Подлежащую изучению колонию (для исследования может быть использована также петля культуры с дифференциально-диагностических сред Олькеницкого или Ресселя) подращивают в 1,4 ± 0,1 мл подогретой до 37 ± 0,1°С 1%-ной пептонной воды рН 7,3 ±0,1 в течение трех часов при температуре 37 ± 1°С. После подращивания микробную взвесь по одной капле 0,06 ± 0,01 мл вносят в пробирки с 0,3 мл заранее разлитого 0,85%-ного раствора натрия хлорида рН 7,3 ± 0,1 или 0,85%-ного раствора натрия хлорида в фосфатном буфере рН 5,5 ± 0,1 (в зависимости от изучаемого теста) и внесенными туда индикаторными дисками. Наличие бетта-галактозидазы при работе с одной колонией следует определять в 0,85%-ном растворе натрия хлорида в фосфатном буфере рН 5,5 ± 0,1.

Одновременно культуру засевают на скошенный агар для определения оксидазной активности, сероидентификации, фагочувствительности и постановки дополнительных биохимических реакций.

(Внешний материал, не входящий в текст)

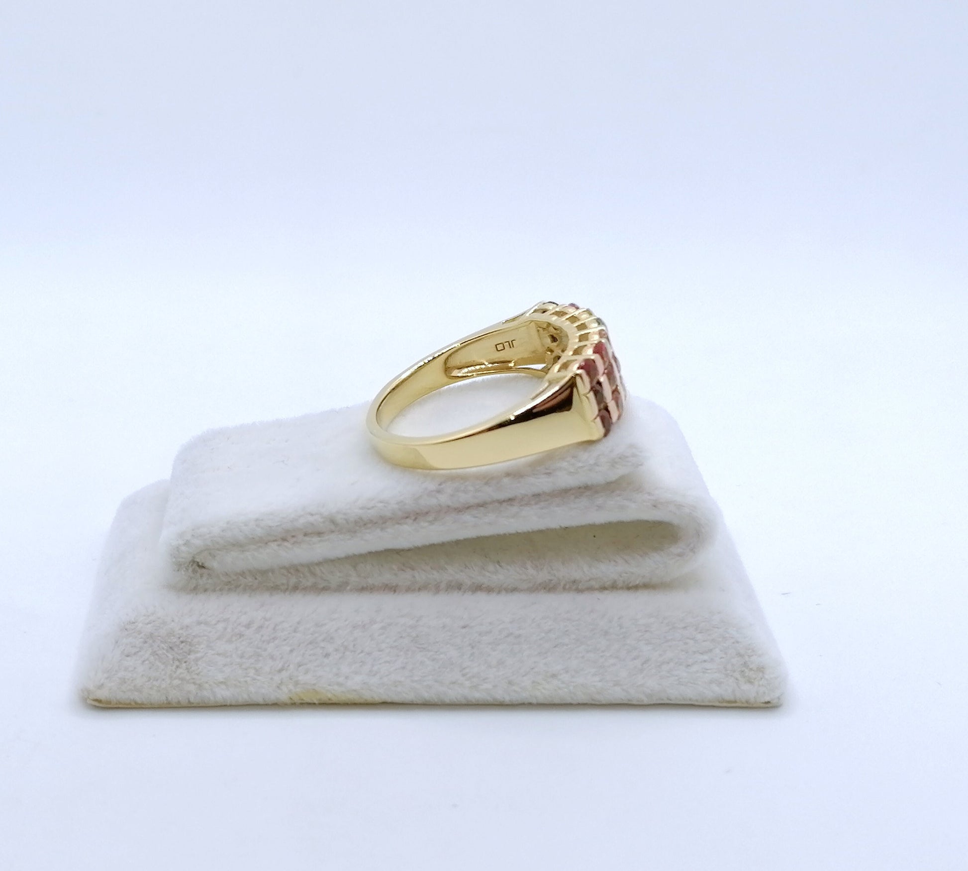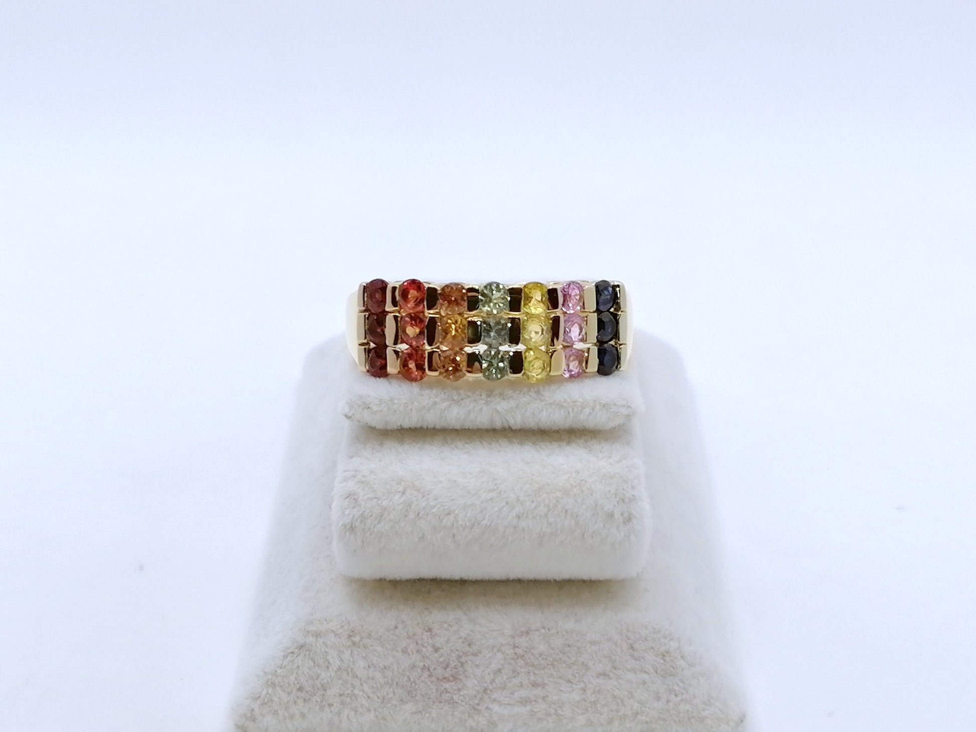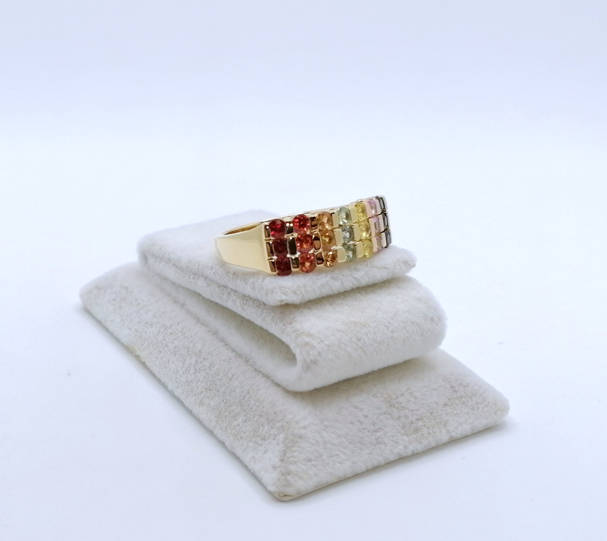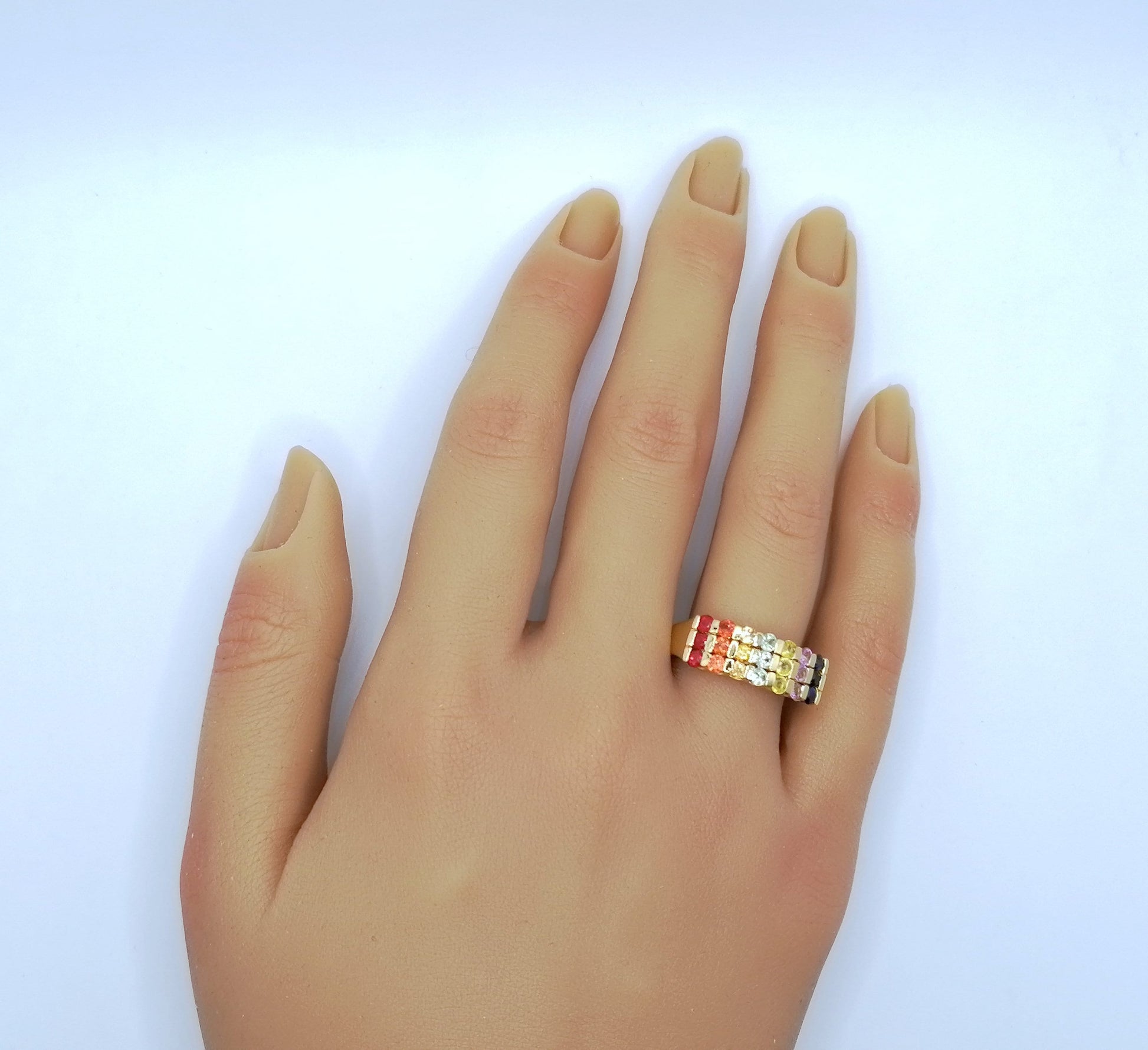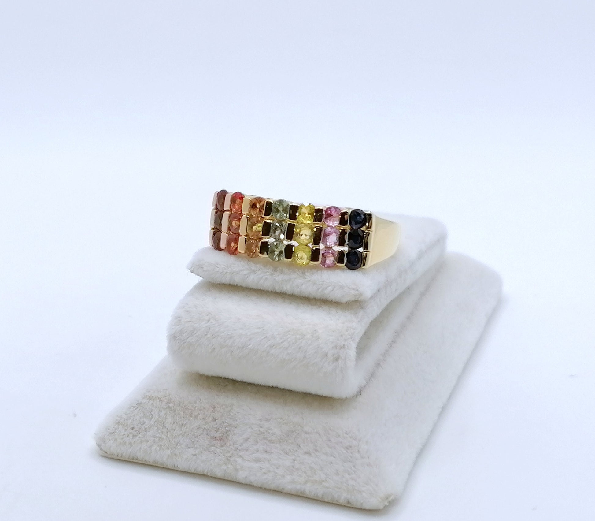 Neuwertiger Damenring mit farbigen Saphir Edelsteinen. Der Ring ist aus 925er vergoldetem Silber gefertigt.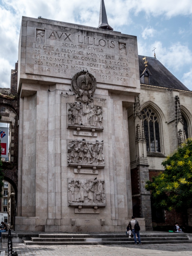 On commence tout de suite au cœur du sujet avec une visite guidée de la Grand-Place et de ses environs. Nous avons rendez-vous avec notre guide devant l’office de Lille Tourisme qui se trouve dans le Palais Rihour, dans l’ancienne salle de garde. Ce bâtiment est tout ce qui reste du vaste palais qui fut construit par Philippe-le-Bon, duc de Bourgogne. Un palais que Philippe ne verra jamais fini car il prit 20 ans pour être complété. Le bâtiment original avait une forme carrée avec une cour d’honneur en son centre. Très vite, les ennuis commencent pour le Palais. Construit sur un terrain marécageux, il a rapidement besoin de rénovation. En 1700, l’aile nord subit un incendie. Moins de 50 ans plus tard, c’est l’aile ouest qui prend feu. En 1916, en pleine occupation allemande, le palais est à nouveau ravagé par les flammes. Il abritait alors la mairie. Cette fois, il ne sera pas reconstruit ou rénové mais rasé en grande partie, en ne gardant que le petit coin que l’on peut voir aujourd’hui. Malheureusement, lorsqu’on vient vers lui depuis la Grand-Place, on le remarque à peine, tout caché qu’il est par l’immense Monument aux morts de la guerre 14-18.

Из зарубежных систем комбинированного тестирования для идентификации энтеробактерий, несбраживающих бактерий часто используют систему АРI 20 Е (Аnа1уtab Ргоducts, Р1аinview, N-Y. 11803).

При помощи данной тест-системы определяют наличие бетта-галактозидазы, аргинин дегидролазы, лизин декарбоксилазы, орнитин декарбоксилазы, способности к утилизации цитратов, продукцию сероводорода, уреазы, индола, ацетоина, желатиназы, каталазы, триптофан деаминазы, цитохром оксидазы, NО₂, редукции NО₃ до газообразного N, ферментацию, оксидацию глюкозы, маннита, инозита, сорбита, рамнозы, сахарозы, мелибиозы, амигдалина и арабинозы. Кроме того, у изучаемых бактерий определяют подвижность и способность к росту на агаре Мак-Конки.

Для изучения отбирают изолированные колонии, бактериальную массу которых суспензируют в 5 мл стерильной дистиллированной воды. Суспензию вносят в микропробирки с субстратами. Пробирки с аргинином, лизином, орнитином, мочевиной и выявления Н₂S заливают стерильным минеральным маслом. Пробирки тест-системы инкубируют во влажной камере при 35-37°С в течение 18-24 часов.

Наличие оксидазы тестируют обычным способом

Для выявления триптофан деаминазы перед учетом результатов в пробирку добавляют одну каплю готового реактива ТДА; для обнаружения индола вносят одну каплю соответствующего реагента и результат учитывают через 10 минут. Наличие того или иного фермента устанавливают на основании критериев, представленных в таблице 5.

Таблица 5

Цветовой показатель API 20E

(1) – бледно-желтый рассматривается как положительный;

(2) – оранжевый цвет после 24 часов инкубации рассматривается как негативный результат;

(3) – проводится в открытом виде (аэробно);

(4) – ферментация начинается в нижней части пробирки, оксидация – в верхней.

Помимо АРI 20 Е за рубежом выпускают систему АРI 20 А для анаэробов (Аnalytab Products), инкубирование микропробирок проводят в течение 24-48 часов в анаэробных условиях. Система Мinitek предназначена для энтеробактерий, нейссерий и анаэробов (ВНL Microbiology Systems, Cockeyswille, MD 21030), состоит из дисков с субстратами в лунках пластмассовой пластины, в случае изучения анаэробов инкубирование проводят в анаэробных условиях.

Разработана система Охi/Ferm для несбраживающих грамотрицательных бактерий, система Согning N/F для окисляющих грамотрицательных бактерий и ряд других систем. К каждой тестовой системе фирма-производитель прилагает перечни признаков и идентификационные таблицы.

Следует помнить, что объективные результаты определения ферментативных признаков могут быть получены только при работе с чистыми культурами, с обязательным контролем дифференциально-диагностических сред, используемых реактивов, тестов, при помощи известных штаммов бактерий, заведомо обладающих определенными ферментами или не имеющих их.

Необходимо принимать во внимание, что при использовании разных сред, реактивов, температуры, времени инкубирования, посевной дозы результаты теста могут варьировать в широком диапазоне.